Frequently this type of indexing is used to select the elements of an array that satisfy some condition
a = np.arange(16).reshape(4,4)
a
Now we find the elements that are greater than 9. This will return a numpy array of the same shape as our original array.
indx_bool = a > 9
indx_bool
We use this array to select elements in a corresponding to ‘true’ values in the boolean array.
a[indx_boo]
We can do all of the above in a single concise statement
print(a[a > 9])
Structured Arrays¶
Structured arrays or record arrays are useful when you perform computations, and at the same time you could keep closely related data together. Structured arrays provide efficient storage for compound, heterogeneous data.
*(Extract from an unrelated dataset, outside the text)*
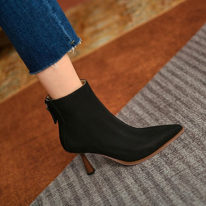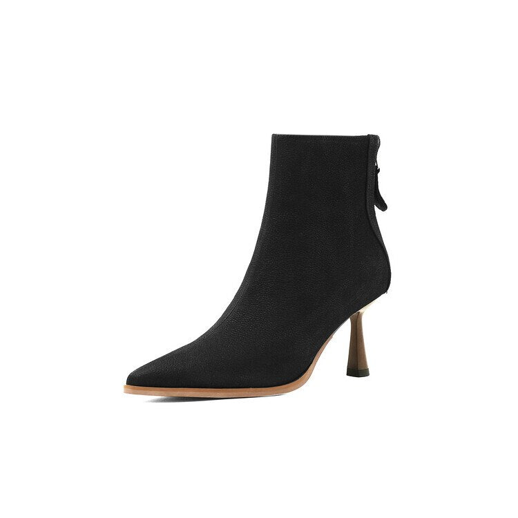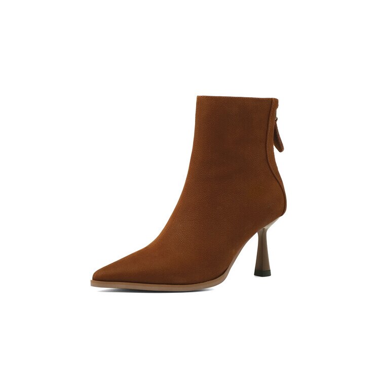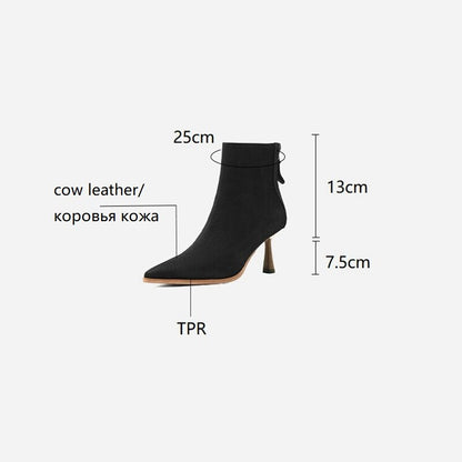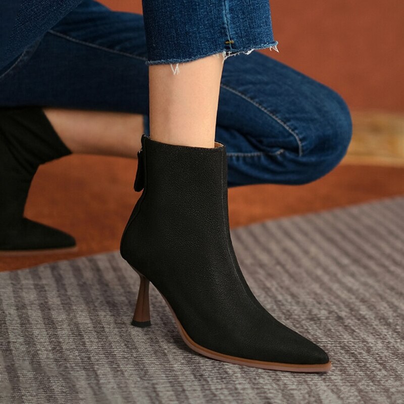 Solvbao Autumn Boots NEW Fall Shoes Women Pointed Toe High Heel Shoes Genuine Leather Shoes Thin Heel Ankle Boots for Women Zipper Modern Boots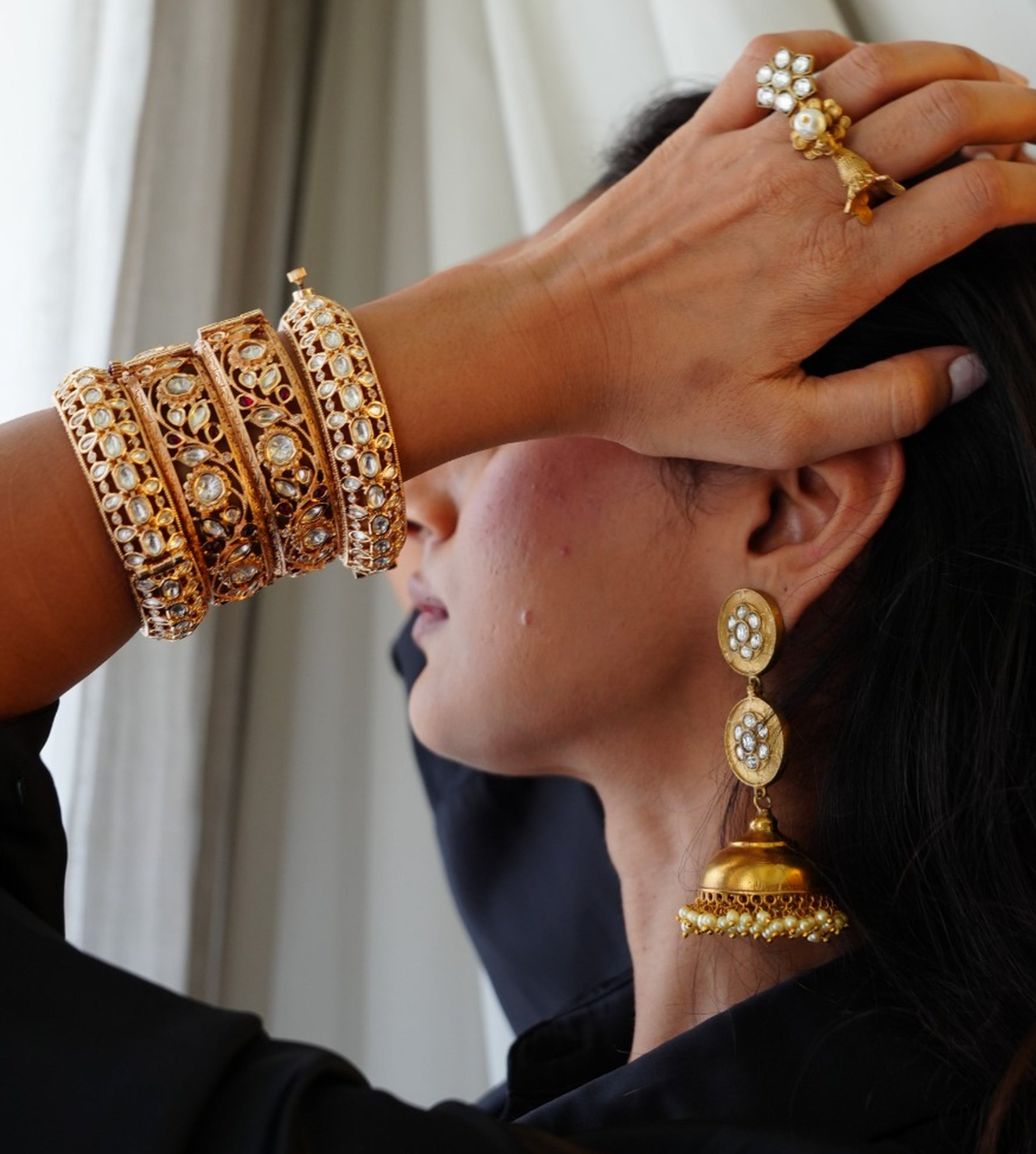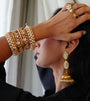 The Dilras Kadaa Set is where royal elegance meets intricate finesse. Featuring a meticulous layout of oval, marquise, and teardrop-cut kundan-style stones, these bangles bring in a soft shimmer with a high-impact finish. The delicate border detailing frames the design like miniature Mughal arches—rich, timeless, and graceful. A statement piece to be just worn together in one hand & go shine!

NumPy also provides powerful capabilities to create arrays of records, as multiple data types live in one NumPy array. However, one principle in NumPy that still needs to be honored is that the data type in each field (think of this as a column in the records) needs to be homogeneous.
Imagine that we have several categories of data on a number of students say, name, roll number, and test scores.
name = ["Alice","Beth","Cathy","Dorothy"]
studentId = [1,2,3,4]
score = [85.4,90.4,87.66,78.9]
There’s nothing here that tells us that the three arrays are related; it would be more natural if we could use a single structure to store all of this data.
Define the np array with the names of the ‘columns’ and the data format for each¶
U10 represents a 10-character Unicode string
i4 is short for int32 (i for int, 4 for 4 bytes)
f8 is shorthand for float64
student_data = np.zeros(4, dtype={'names':('name', 'studentId', 'score'),
'formats':('U10', 'i4', 'f8')})
np.zeros() for a string sets it to an empty string¶
student_data
print(student_data.dtype)
Now that we’ve created an empty container array, we can fill the array with our lists of values
student_data['name'] = name
student_data['studentId'] = studentId
student_data['score'] = score
print(student_data)
The handy thing with structured arrays is that you can now refer to values either by index or by name
student_data['name']
student_data['studentId']
student_data['score']
If you index student_data at position 1 you get a structure:
student_data[1]
Get the name attribute from the last row¶
student_data[-1]['name']
Get names where score is above 85¶
student_data[student_data['score'] > 85]['name']
Note that if you’d like to do any operations that are any more complicated than these, you should probably consider the Pandas package with provides a powerful data structure called data frames.